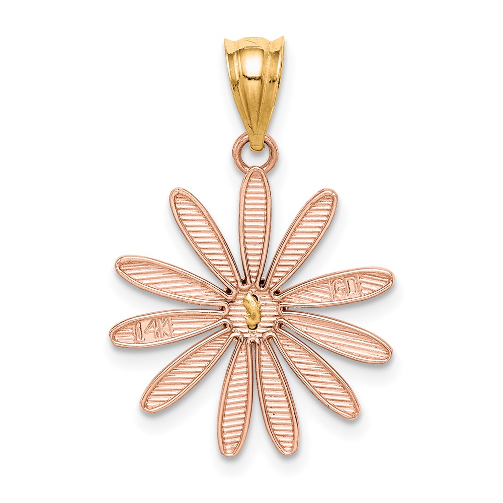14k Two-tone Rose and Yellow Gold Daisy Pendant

+++

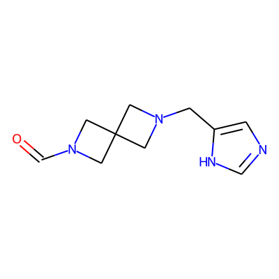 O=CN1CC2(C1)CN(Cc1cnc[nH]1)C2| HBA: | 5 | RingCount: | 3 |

+++

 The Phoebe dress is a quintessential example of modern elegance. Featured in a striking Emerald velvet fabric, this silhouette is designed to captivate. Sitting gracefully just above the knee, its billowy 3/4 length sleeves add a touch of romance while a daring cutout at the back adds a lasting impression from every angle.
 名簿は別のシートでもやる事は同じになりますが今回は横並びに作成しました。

+++

Using the entries above, repeat only the lines from the one containing "The Phoebe dress" through the one containing "名簿は別のシートでもやる事は同じになりますが今回は横並びに作成しました。", end lines included.

• Answer for this exercise:
 The Phoebe dress is a quintessential example of modern elegance. Featured in a striking Emerald velvet fabric, this silhouette is designed to captivate. Sitting gracefully just above the knee, its billowy 3/4 length sleeves add a touch of romance while a daring cutout at the back adds a lasting impression from every angle.
 名簿は別のシートでもやる事は同じになりますが今回は横並びに作成しました。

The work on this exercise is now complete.